*** TASK INPUTS

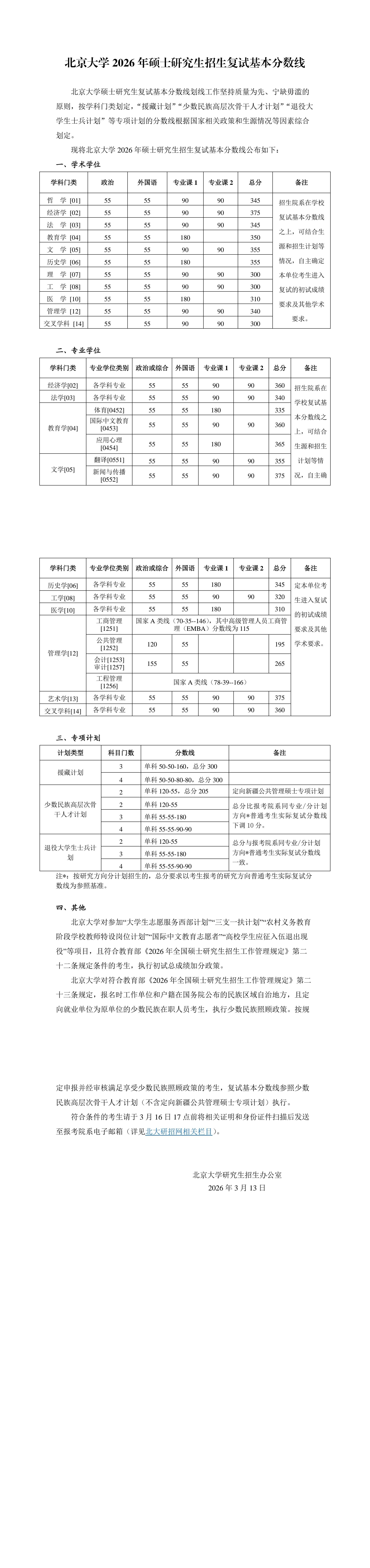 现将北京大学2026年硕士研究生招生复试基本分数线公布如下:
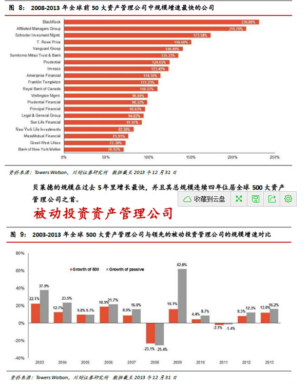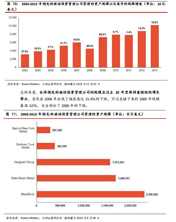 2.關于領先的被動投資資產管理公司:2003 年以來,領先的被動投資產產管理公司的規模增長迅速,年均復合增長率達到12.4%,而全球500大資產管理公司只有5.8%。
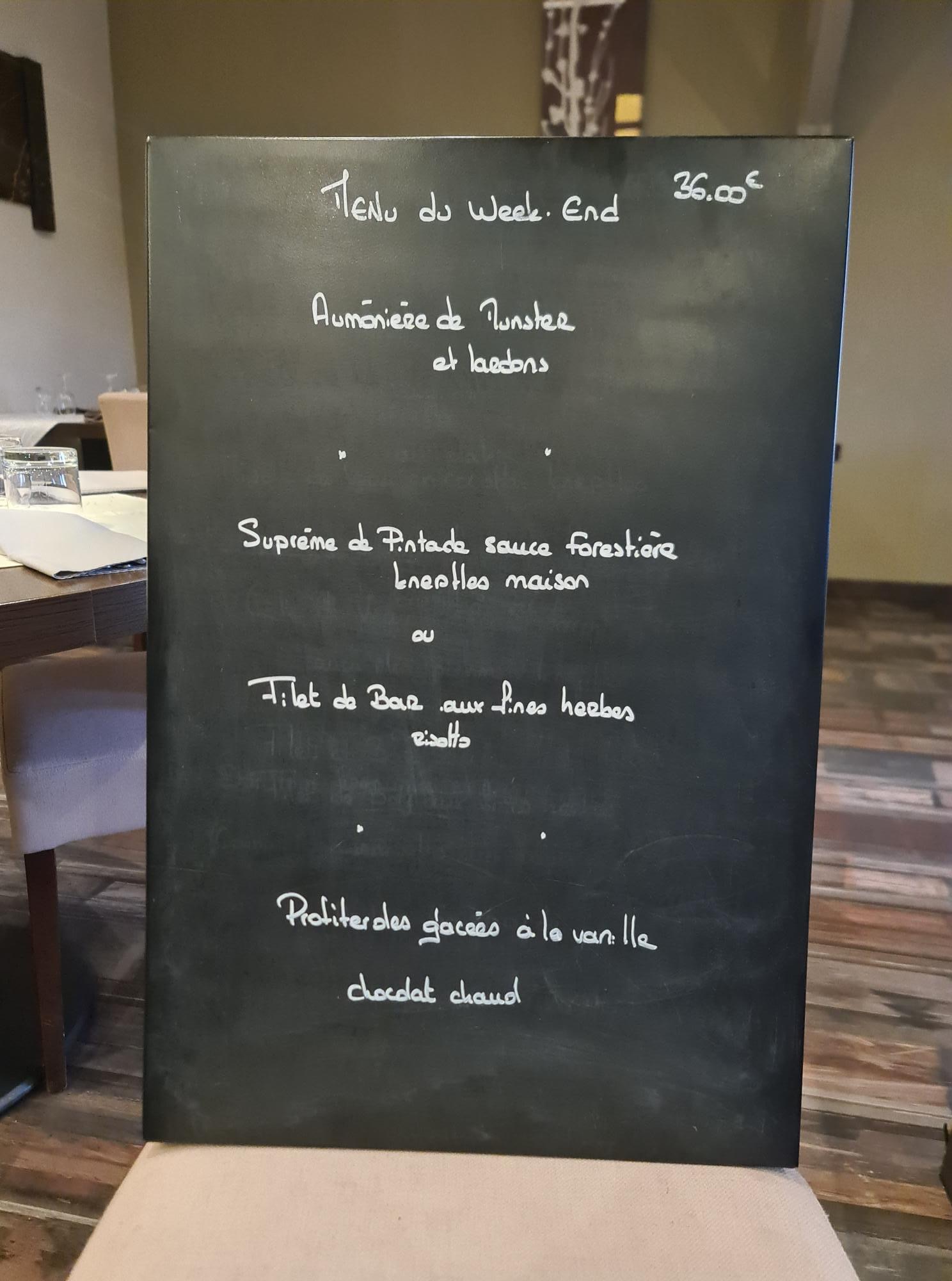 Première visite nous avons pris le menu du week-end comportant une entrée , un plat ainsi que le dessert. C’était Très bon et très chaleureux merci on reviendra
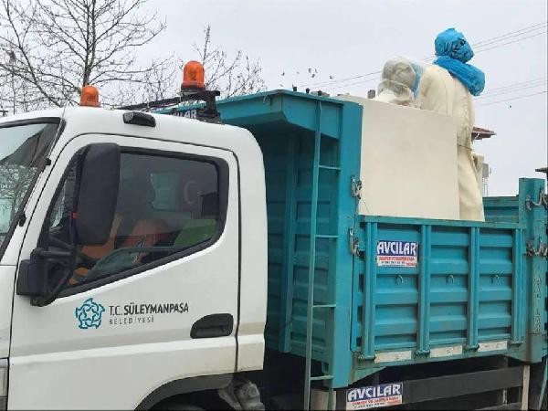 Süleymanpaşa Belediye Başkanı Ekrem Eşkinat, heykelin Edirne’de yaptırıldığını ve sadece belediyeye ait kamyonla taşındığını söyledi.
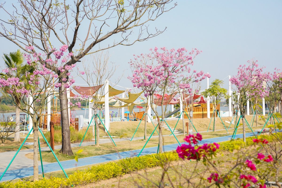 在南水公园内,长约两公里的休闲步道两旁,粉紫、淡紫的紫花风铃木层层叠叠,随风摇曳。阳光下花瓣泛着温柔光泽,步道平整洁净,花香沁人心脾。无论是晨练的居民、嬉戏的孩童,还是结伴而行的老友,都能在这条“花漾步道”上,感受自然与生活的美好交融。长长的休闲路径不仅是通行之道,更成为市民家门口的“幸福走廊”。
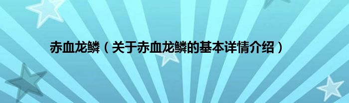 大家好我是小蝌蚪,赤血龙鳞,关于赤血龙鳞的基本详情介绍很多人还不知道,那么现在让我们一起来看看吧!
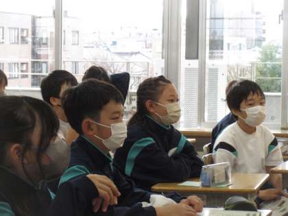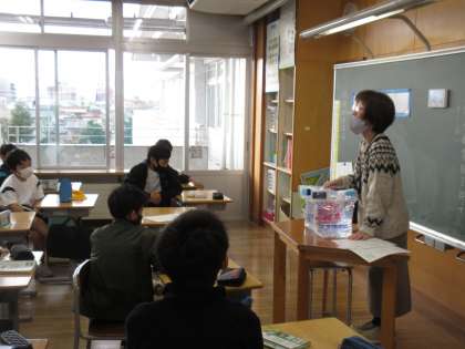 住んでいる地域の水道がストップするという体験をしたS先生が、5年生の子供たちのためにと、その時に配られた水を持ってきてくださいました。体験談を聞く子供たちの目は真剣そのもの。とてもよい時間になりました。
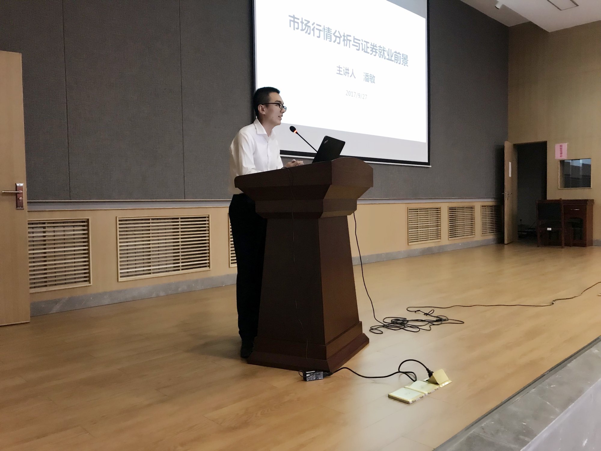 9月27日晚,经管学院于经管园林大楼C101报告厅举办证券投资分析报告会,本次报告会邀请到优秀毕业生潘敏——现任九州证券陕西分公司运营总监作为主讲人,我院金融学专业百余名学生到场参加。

******
*** TASK INPUTS

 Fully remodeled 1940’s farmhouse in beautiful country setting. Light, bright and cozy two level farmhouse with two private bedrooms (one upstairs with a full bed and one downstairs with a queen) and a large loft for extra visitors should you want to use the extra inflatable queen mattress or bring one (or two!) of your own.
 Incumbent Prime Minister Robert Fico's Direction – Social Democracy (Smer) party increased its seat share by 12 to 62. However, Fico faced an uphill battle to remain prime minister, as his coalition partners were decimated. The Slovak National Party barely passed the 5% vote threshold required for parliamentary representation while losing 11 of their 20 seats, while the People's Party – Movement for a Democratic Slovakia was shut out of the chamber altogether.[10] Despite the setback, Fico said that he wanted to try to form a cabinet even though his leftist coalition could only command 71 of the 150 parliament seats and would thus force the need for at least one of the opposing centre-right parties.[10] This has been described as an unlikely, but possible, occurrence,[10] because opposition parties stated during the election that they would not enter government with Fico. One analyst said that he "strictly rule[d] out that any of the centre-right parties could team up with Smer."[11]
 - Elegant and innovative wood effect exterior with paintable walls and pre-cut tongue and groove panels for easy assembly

******
*** TASK INPUTS

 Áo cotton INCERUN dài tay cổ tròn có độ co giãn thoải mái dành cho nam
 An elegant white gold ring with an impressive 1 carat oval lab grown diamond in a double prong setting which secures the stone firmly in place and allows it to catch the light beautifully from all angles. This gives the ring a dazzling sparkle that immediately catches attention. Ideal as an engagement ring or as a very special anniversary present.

******

ASSIGNED TASK = Could you state how many lines of the data include the word "setting"? Only the number is needed.

TASK ANSWER = 2